Observed 700mb geopotential heights have been used to to create a Hybrid model that estimates precipitation total, intensity and frequency. This model shows considerable skill during extreme ENSO events ( Figure 1 ).

Forecasts of heavy rainfall frequency are made by two models of differing complexity: (a) straight statistical forecast based on a simple ENSO index and daily observations from 1950-1995 (Statistical) and (b) statistically downscaled GCM forecast going from geopotential height anomalies to the same set of intraseasonal metrics as in (a) (Hybrid). Looking at the El Nino JFMs on record, the Hybrid model contributes significantly to the forecast skill when looking at the precipitation total, intensity and and frequency ( Figure 2 ).

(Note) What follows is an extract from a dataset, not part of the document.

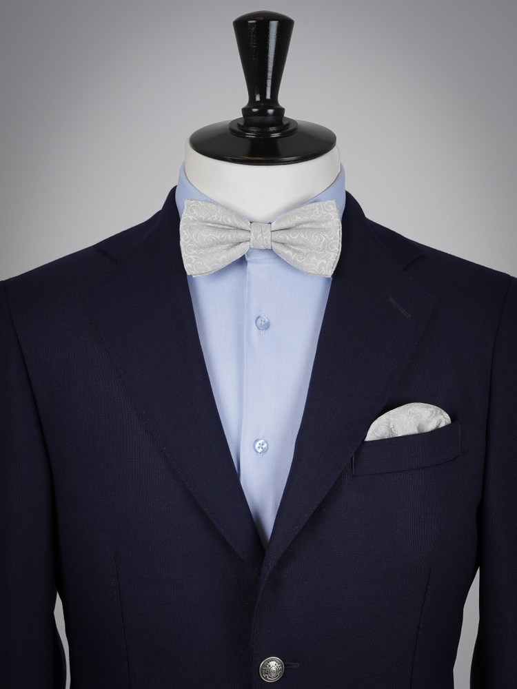 Tämä vaaleanhopea silkkinen rusettien ja taskuliinan setti on koristeltu elegantilla arabeski-kuviolla, joka antaa juhlapukeutumiseen hienostuneen hehkun – täydellinen viimeistely esimerkiksi hääasuun. Rusetti on valmiiksi sidottu ja käsin huolellisesti ommeltu Italiassa mestariräätälien toimesta, kun taas taskuliina on viimeistelty sekä kone- että käsinommellen ylellisen lopputuloksen varmistamiseksi. Molemmat osat on valmistettu korkealaatuisesta silkistä, joka on kudottu Comossa perinteikkäässä, yli satavuotisen historian omaavassa perheomisteisessa kutomossa.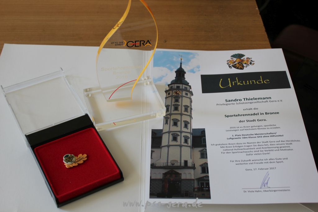 Wir gratulieren ganz herzlich unserem Schützenbruder Sandro Thielemann, welcher zur Sportlerehrung der Stadt Gera mit der Sportehrennadel in Bronze für seinen Erfolg bei der Deutschen Meisterschaft 2016 ausgezeichnet wurde.

As a case study, we will present forecasts of heavy rainfall frequency for JFM 1998. We compare the Statistical and Hybrid models with a dynamically downscaled GCM forecast made by a nested regional model. To the left is shown the precipitation intensity for the Hybrid model compared to observations. The green region shows where the model is in good agreement with observations (within 50 percent). The yellow and red areas show where the model underestimates precipitation and the blue and purple areas show where the model overestimates precipitation. This image illustrates the good agreement between the Hybrid model and observations for JFM 1998. In this case the use of the nested regional model does not add to the forecast skill ( Figure 3 ). A forecast for JFM 1999 from the statistical model indicates a drier-than-normal season for southern California ( Figure 4 ).


Figure 1

Figure 1 shows the skill of the observed 700mb geopotential height model in explaining precipitation total, intensity and frequency in percent variance for all years, warm years and cold years.

Figure 2

Figure 2 shows the skill in proportion of variance explained by the purely Statistical model (tropical Pacific SST - California rainfall) and the Hybrid model (GCM 700mb heights and statistical downscaling to the three precipitation variables) for the El Nino JFMs on record. This is a cross-validated measure, so negative values are possible where no skill is present. Only positive values are plotted in color and with contours at .1 intervals.

Figure 3

Figure 3 shows the ratio of the JFM 1998 forecasts to observations from the three approaches (Statistical, Hybrid and Dynamical - columns) for the three rainfall variables (rows). The heavy contour is ratio = 1. Green color represents forecast agreement to within 50 percent of observations. Yellow and red (blue and purple) are underestimations (overestimations) of between 50-100 percent and over 100 percent, respectively.

Figure 4

Figure 4 shows the JFM 1999 forecast from the Statistical model. Anomalies are shown in the left column in units of probability of being larger than a random observation from the local 1950-1995 climatology. The 0.5 (the median) contour is thickened. Larger (wetter) values are solid, smaller (drier) values are dashed at 0.1 intervals. The middle column represents total forecast fields (as opposed to anomalies). The right column shows the cross-validated skill associated with this La Nina forecast.